Эрика, любимая... Где ты, как? Так и вертится на языке — с кем, да боязно спросить. Столько лет прошло — пять? Или десять? Наверное, Лара и Полли уже совсем большие. Как бы мне хотелось взглянуть на них, красавиц. Я потерял счет дням. Течение времени, как и любое течение, можно уловить, только стоя на берегу. А я плыву в грязном потоке, и на сто верст вокруг нет ни одного неподвижного ориентира. Ни кустика, ни дерева, ни трансформаторной будки, за которую мог бы зацепиться взгляд.
Да нет, что это я.
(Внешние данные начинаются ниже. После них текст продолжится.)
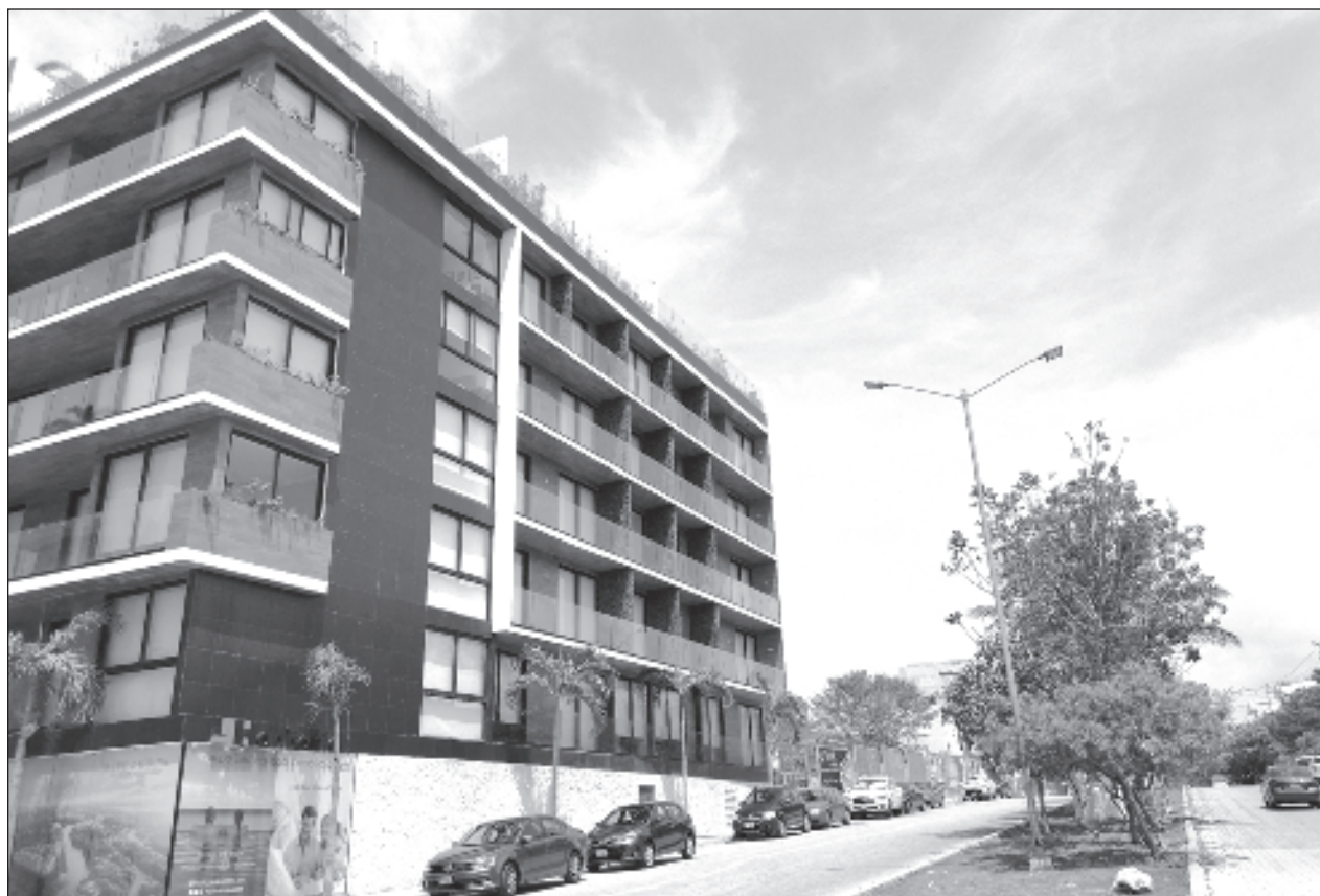
▲ En la reglamentación para rentas vacacionales, adelantó el presidente de la APAR, se incluirá la obligación del registro a nivel estatal en el Returq para cualquier negocio que trabaja con turismo.

Por ello, insistió, hay mucha esperanza de que se tendrá un factor para generar más inversión extranjera y nacional. En temas extranjeros se tendría especialmente interés desde Europa y China.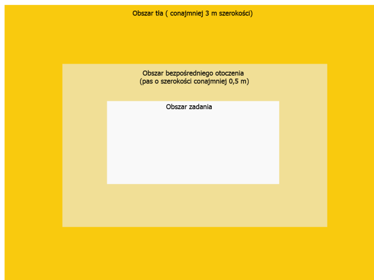
Rys. 2. Pole pracy i jego otoczenie

Norma wprowadziła pojęcia obszaru zadania, obszaru bezpośredniego otoczenia i obszaru tła – rys. 2.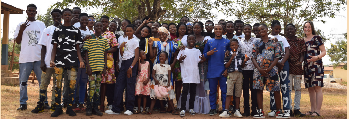
Gruppenfoto Weihnachtsfeier. - Group picture christmas party.

in Situationen, in denen es um viel geht, kritisch zu denken. Vor allem aber habe ich mit meinen Mannschaftskamerad*innen lebenslange Freundschaften und Erinnerungen geschaffen. Diese Erfahrung war ein Beweis dafür, was man erreichen kann, wenn Einzelne mit einem gemeinsamen Ziel zusammenkommen. Ich bin dankbar für die Gelegenheit, daran teilgenommen zu haben, und freue mich darauf, das Gelernte in der Zukunft anzuwenden.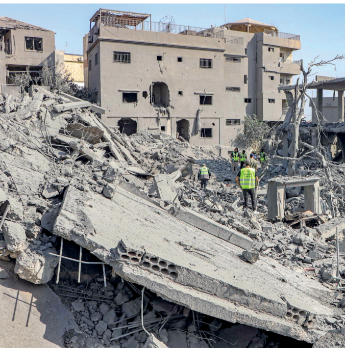
أفراؤ الدفاع المدني يبحثون عن ناجين بين أنقاض مبنى مدمر في موقع غارة جوية إسرائيلية، ليلاً على قرية قانا جنوب لبنان.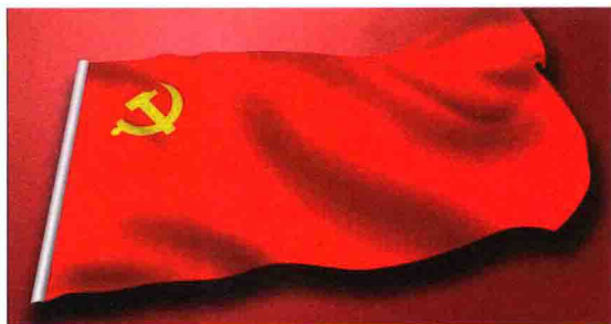
图 1-4 中国共产党党旗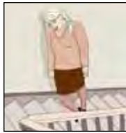
รู้สึกอ่อนเพลียและ เหนื่อยง่าย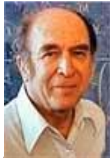
L. Hurwicz Nobel, 2007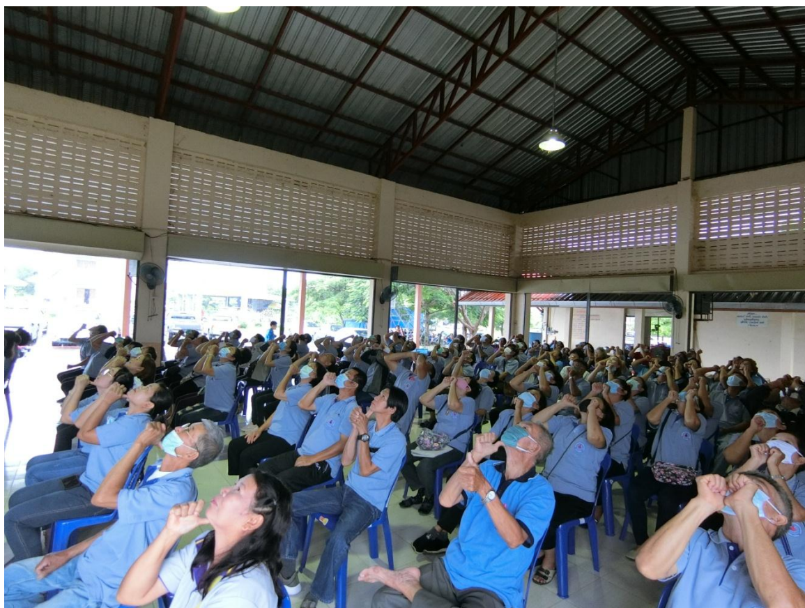
กิจกรรมการบริหาร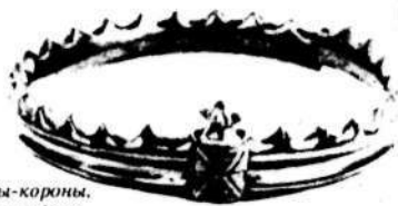
1, 2. Грифы-короны, найденные в районе города Мены, в Черниговской области.

время население даже было вынуждено вернуться к изделиям из камня и кости. Но вскоре было освоено производство железа из местных богатых руд, начался процесс самобытного развития.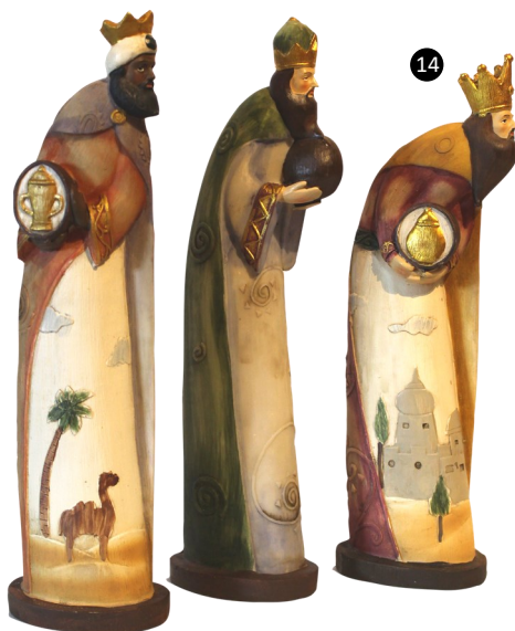
14. Holanda. Resina policromada.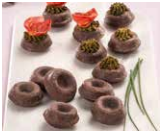
Ref. 1004 Mini moelleux de oliva negra 6gr Caja 200 unidades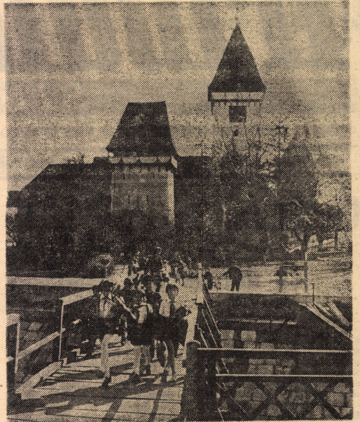
Zile însorite de toamnă peste umbrele turnurilor medievale agnițene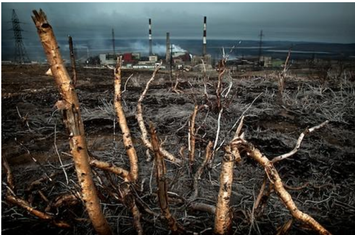
Le combinat minier de Nikel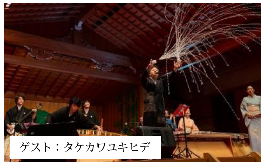
ゲスト：タケカワユキヒデ

2019年5月～12月にかけて、コラボレーションアルバムに参加いただいたアーティストをゲストに迎え、「響ツアー」を開催。7公演のうちの2公演は世界遺産「宗像大社」「金峯山寺蔵王堂」にて、「H ZETTRIO」とともに奉納コンサートを開催。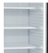
Vertikalt, indvendig lys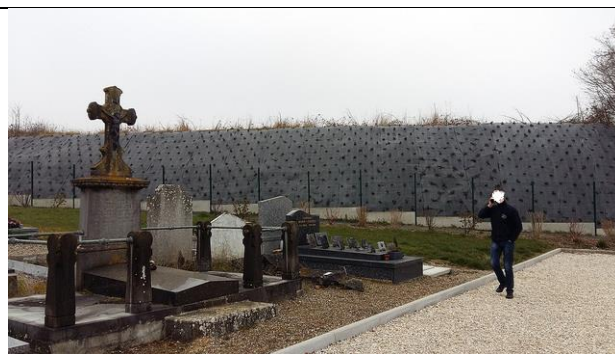
Talus du cimetière

Конечно, ты меня ждешь. Как с войны, но любая война когда-нибудь закончится, а эта жизнь — сонная и мутная — не кончается никогда. Вот ведь как вышло. Мы клялись, что лишь смерть разлучит нас, а разлучил банальный экономический кризис. Чепуха все это — гордая бедность, рай в шалаше, социальная поддержка. Бедный человек всегда унижен, как бы ни было велико пособие. Если не лишениями, не долгами, то своим собственным эго. Чем богаче страна, чем острее чувствуешь себя отвергнутым, получая крошки от общего жирного пирога.
Если беда — одна на двоих — это полбеды, то одно на двоих унижение — это двойное унижение. Оно убивает исподволь, изнутри. С каждым моим отвергнутым резюме в нас обоих умирало что-то важное, превращая территорию любви в территорию отчаяния. Мы  боялись смотреть друг другу в глаза, вскрывая конверт с очередным отказом. 
И вдруг неожиданный шанс — крохотное, туманное объявление в «Саарбрюккен Цайтунг». Оно как будто подкарауливало меня, затаившись в левом нижнем углу последней страницы, и, стоило моему взгляду упасть на него, подмигнуло всеми умляутами, точно старому знакомому. «Ищем паромщика... Опыт работы не требуется». Паромщика? Да не все ли равно, кого! Голодная собака сгрызет любую кость.
«Паромщик — это почти моряк», - шутили мы и не догадывались, насколько правы, ибо нет моря глубже Стикса.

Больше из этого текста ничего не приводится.